What the exercise asks:
Given these entries, repeat exactly the lines starting with the one that has "人才济济!卡森·华莱士获10-11月西部最佳防守球员 赛前领到奖杯" and going on through the one that has "- Также мы разработали", both included, but none of the pictures.

Data for this exercise:
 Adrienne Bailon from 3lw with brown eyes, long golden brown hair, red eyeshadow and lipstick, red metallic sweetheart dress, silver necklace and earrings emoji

...

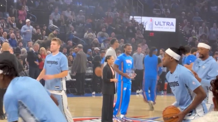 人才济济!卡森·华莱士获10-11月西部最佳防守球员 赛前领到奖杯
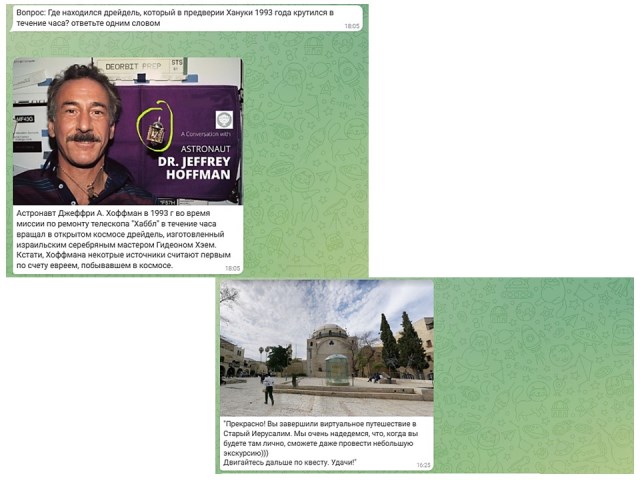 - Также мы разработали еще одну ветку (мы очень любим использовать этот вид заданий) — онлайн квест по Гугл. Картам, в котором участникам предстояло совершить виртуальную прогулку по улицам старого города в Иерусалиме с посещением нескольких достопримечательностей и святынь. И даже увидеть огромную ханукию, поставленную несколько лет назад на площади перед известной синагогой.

* * *

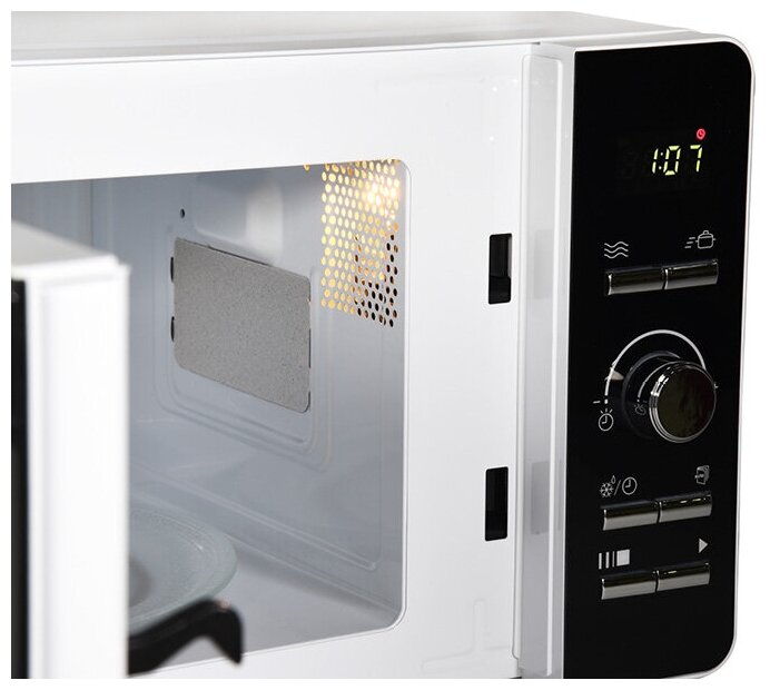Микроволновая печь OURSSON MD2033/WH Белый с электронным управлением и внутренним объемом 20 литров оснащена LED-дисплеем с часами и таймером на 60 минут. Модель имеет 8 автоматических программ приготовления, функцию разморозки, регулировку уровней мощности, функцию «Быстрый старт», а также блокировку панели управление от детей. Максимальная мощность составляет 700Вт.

Written solution:
 人才济济!卡森·华莱士获10-11月西部最佳防守球员 赛前领到奖杯
 - Также мы разработали еще одну ветку (мы очень любим использовать этот вид заданий) — онлайн квест по Гугл. Картам, в котором участникам предстояло совершить виртуальную прогулку по улицам старого города в Иерусалиме с посещением нескольких достопримечательностей и святынь. И даже увидеть огромную ханукию, поставленную несколько лет назад на площади перед известной синагогой.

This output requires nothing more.